ASSIGNMENT:
What needs reproducing is the run of lines in the data below starting at the line with "Toisinaan teen vaan" and ending at the line with "Браслет двусторонний клевер", both ends included. Copy it exactly, without pictures, and add nothing.

MATERIAL TO PROCESS:

■ ■ ■ ■ ■ ■ ■

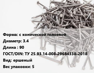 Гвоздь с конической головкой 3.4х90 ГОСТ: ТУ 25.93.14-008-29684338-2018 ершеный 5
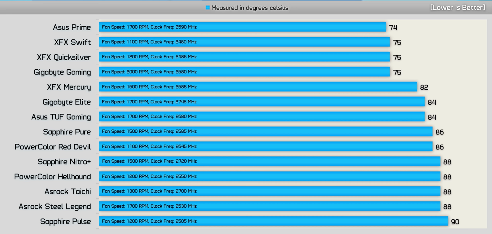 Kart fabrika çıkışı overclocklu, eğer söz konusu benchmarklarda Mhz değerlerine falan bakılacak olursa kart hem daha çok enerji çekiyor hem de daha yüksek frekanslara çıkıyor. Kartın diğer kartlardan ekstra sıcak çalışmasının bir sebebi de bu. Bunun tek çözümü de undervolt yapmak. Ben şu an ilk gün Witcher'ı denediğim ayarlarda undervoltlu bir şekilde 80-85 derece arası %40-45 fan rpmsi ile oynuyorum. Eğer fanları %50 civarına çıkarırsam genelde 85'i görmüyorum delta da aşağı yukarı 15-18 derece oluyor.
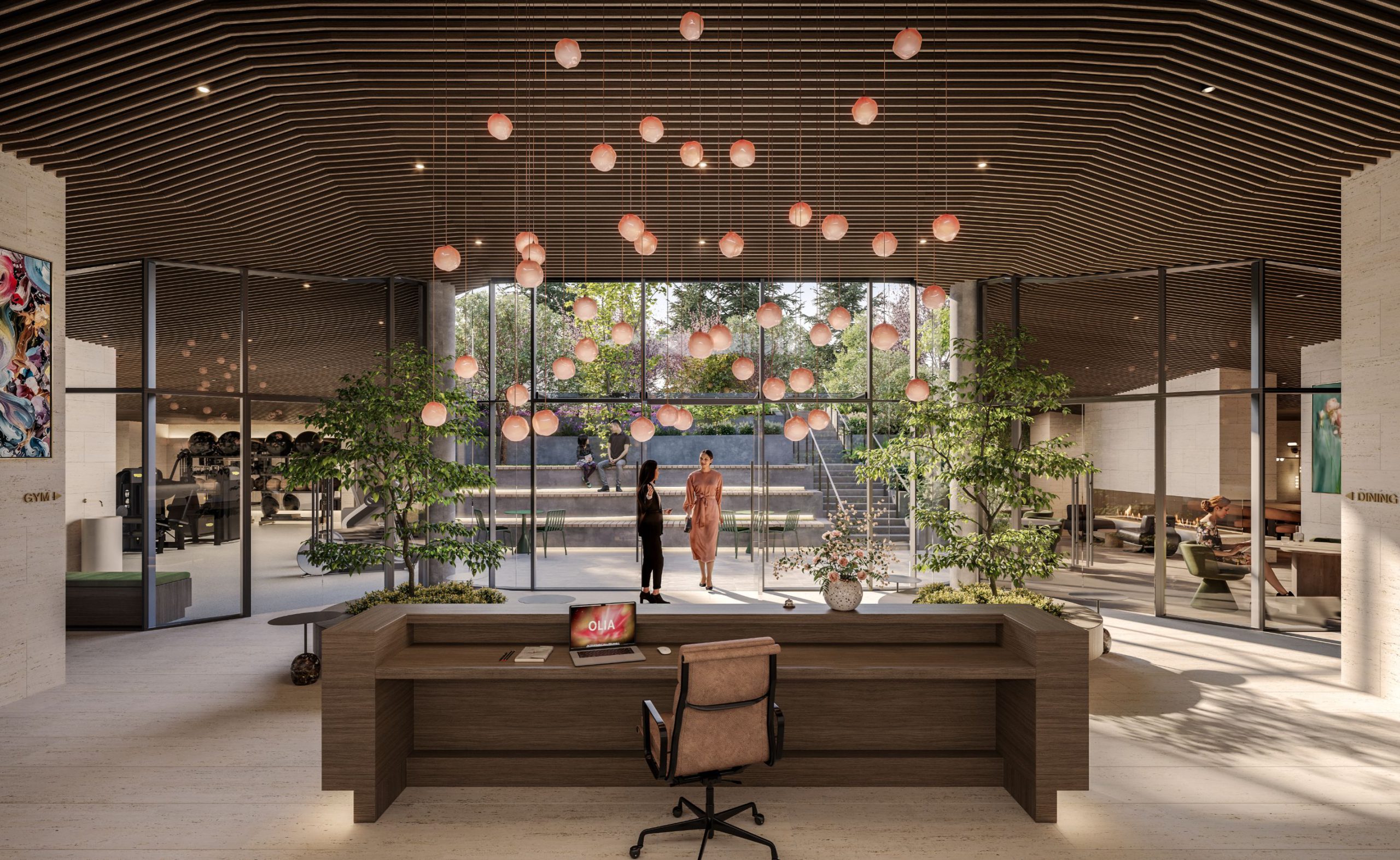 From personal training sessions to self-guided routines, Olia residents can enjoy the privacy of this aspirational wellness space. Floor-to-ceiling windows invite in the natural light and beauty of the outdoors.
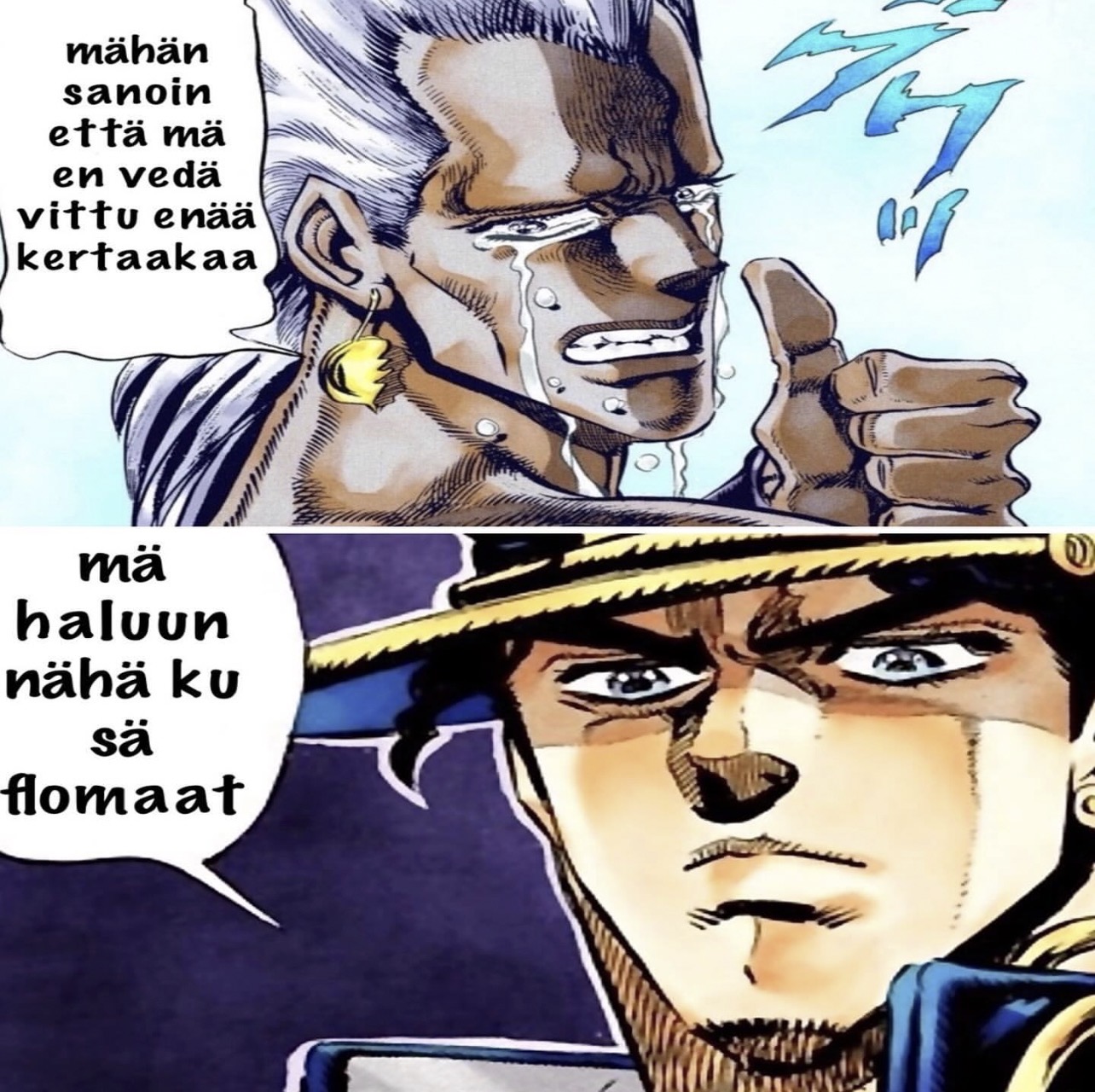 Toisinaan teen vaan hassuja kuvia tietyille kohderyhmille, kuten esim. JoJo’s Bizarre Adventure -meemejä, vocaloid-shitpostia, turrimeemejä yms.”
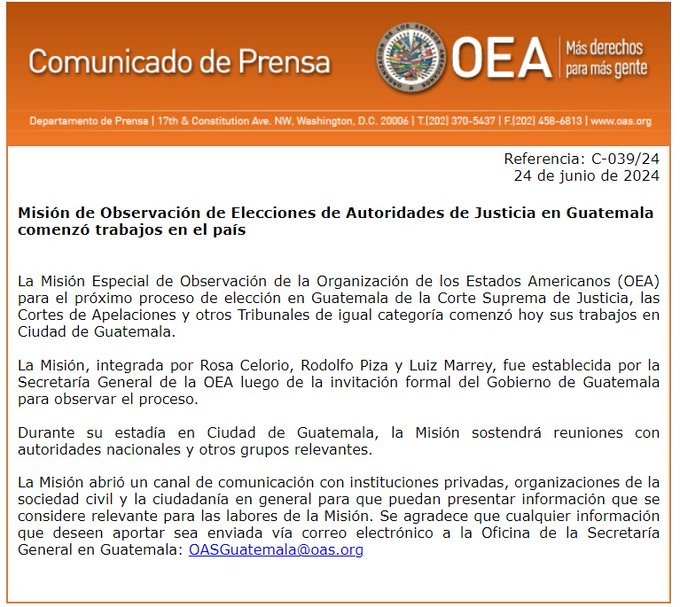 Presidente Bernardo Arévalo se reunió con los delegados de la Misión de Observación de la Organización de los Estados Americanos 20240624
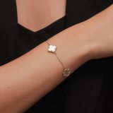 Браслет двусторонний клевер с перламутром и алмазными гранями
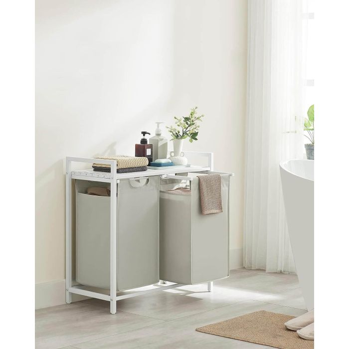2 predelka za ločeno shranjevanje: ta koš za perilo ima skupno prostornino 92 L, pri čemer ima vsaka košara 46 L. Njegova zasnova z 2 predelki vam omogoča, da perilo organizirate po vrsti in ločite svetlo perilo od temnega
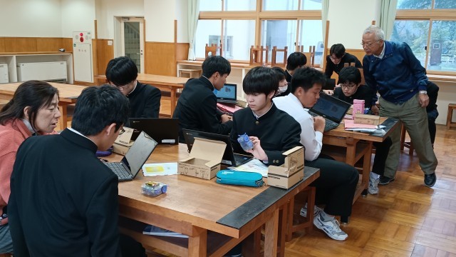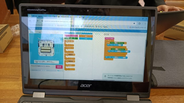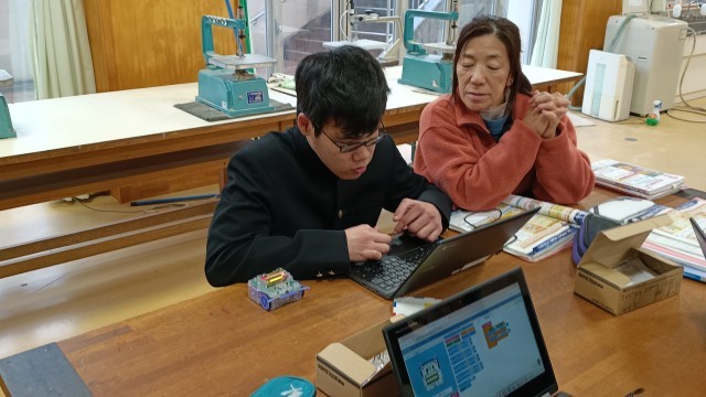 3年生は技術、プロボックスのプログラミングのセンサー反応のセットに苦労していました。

■ ■ ■ ■ ■ ■ ■

ANSWER TO THE EXERCISE:
 Toisinaan teen vaan hassuja kuvia tietyille kohderyhmille, kuten esim. JoJo’s Bizarre Adventure -meemejä, vocaloid-shitpostia, turrimeemejä yms.”
 Presidente Bernardo Arévalo se reunió con los delegados de la Misión de Observación de la Organización de los Estados Americanos 20240624
 Браслет двусторонний клевер с перламутром и алмазными гранями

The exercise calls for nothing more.